Assigned task — Only one stretch of the data should be retyped: the lines from the line containing "試しに「テントのたたみ方」と" through the line containing "パエリア スペイン風オムレツ 野菜スープ 牛乳". Keep pictures out of it.

Supplied material —
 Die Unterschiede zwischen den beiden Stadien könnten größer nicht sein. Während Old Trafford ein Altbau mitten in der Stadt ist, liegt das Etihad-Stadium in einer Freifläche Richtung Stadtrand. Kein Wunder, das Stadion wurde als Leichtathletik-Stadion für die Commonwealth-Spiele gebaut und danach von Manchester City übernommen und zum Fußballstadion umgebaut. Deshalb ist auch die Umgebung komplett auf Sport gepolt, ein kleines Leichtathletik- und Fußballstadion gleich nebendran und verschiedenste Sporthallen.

* * *

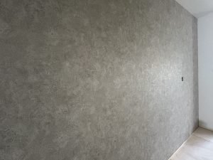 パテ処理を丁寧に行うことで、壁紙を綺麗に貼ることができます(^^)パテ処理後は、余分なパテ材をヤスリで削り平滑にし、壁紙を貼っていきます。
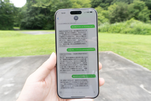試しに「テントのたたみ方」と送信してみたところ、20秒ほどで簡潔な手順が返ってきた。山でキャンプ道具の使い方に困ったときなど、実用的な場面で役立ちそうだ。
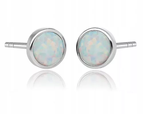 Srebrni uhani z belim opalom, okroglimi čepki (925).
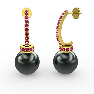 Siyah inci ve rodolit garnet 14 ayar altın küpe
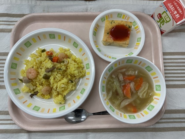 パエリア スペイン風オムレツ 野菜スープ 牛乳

Exercise result —
試しに「テントのたたみ方」と送信してみたところ、20秒ほどで簡潔な手順が返ってきた。山でキャンプ道具の使い方に困ったときなど、実用的な場面で役立ちそうだ。
 Srebrni uhani z belim opalom, okroglimi čepki (925).
 Siyah inci ve rodolit garnet 14 ayar altın küpe
 パエリア スペイン風オムレツ 野菜スープ 牛乳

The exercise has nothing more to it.